Zomato Announces Major Security Breach: 17 Million User Records Stolen
Online security has been in the spotlight for the past few days. WannaCry, a bug which hijacks files on computers and holds them to ransom has been spreading across the world, while closer to home, popular restaurant discovery and ordering platform, Zomato, has just reported a security breach.
The Security Notice
Four hours ago, on its blog, Zomato reported that about 17 million user records from the company’s database were stolen. The information includes email addresses and hashed passwords. However, the blog post states that no payment information or card data has been leaked as it is stored separately.
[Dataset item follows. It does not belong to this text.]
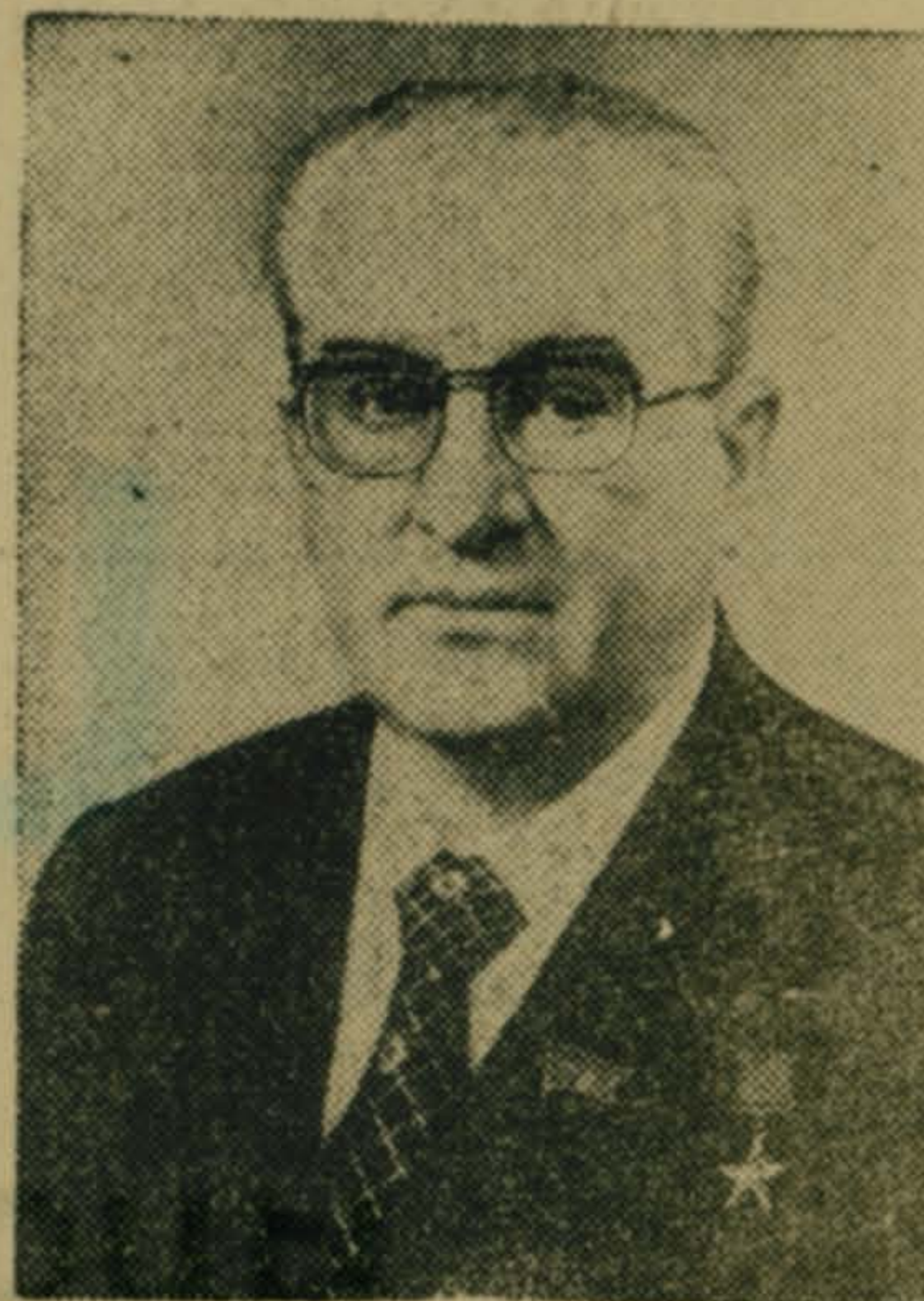
Генеральный секретарь Центрального Комитета Коммунистической партии Советского Союза Юрий Владимирович АНДРОПОВ

Zomato states that the breach was internal; an employee’s Zomato development account was compromised. Reportedly, a dark web vendor called ‘nclay’ claims to have stolen the data and is selling it on a Dark Web marketplace for 0.5587 bit coins (Rs.65,428.98).
Zomato has logged all its users out of its app and website and is asking them to change their passwords on any platforms which they use the same password, despite the fact that they used hashed passwords for their platform.
“Our team is actively scanning all possible breach vectors and closing any gaps in our environment,” says the blog post. “Over the next couple of days and weeks, we’ll be actively working to plug any more security gaps that we find in our systems,” it adds.
To round up the post, it says that it “regret(s) any disruption this may cause and appreciate your immediate attention to this information.”